• Prompt
Word for word, set down the lines from the one that holds "Комплект Мелвин легко" through the final line of the listing below, and exclude every picture.

• Data shown
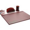 Planificador de escritorio en cuero, con sujetador de hojas en cabecera.
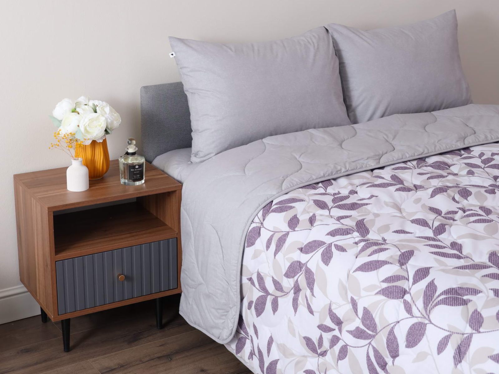 Комплект Мелвин легко стирается в обычной машине в бережном режиме и также легко гладится.
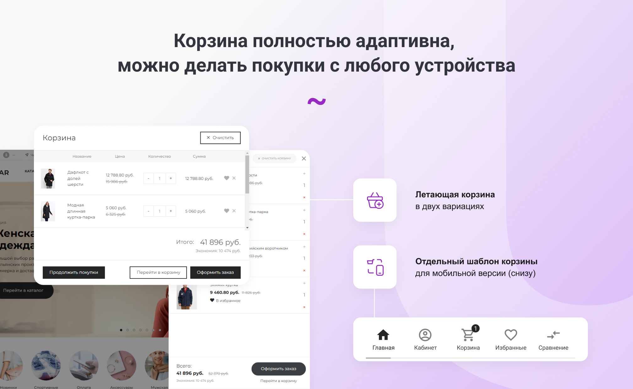 Летающая корзина в двух вариациях, отдельный шаблон корзины (снизу) для мобильной версии.

• Reply to the task
 Комплект Мелвин легко стирается в обычной машине в бережном режиме и также легко гладится.
 Летающая корзина в двух вариациях, отдельный шаблон корзины (снизу) для мобильной версии.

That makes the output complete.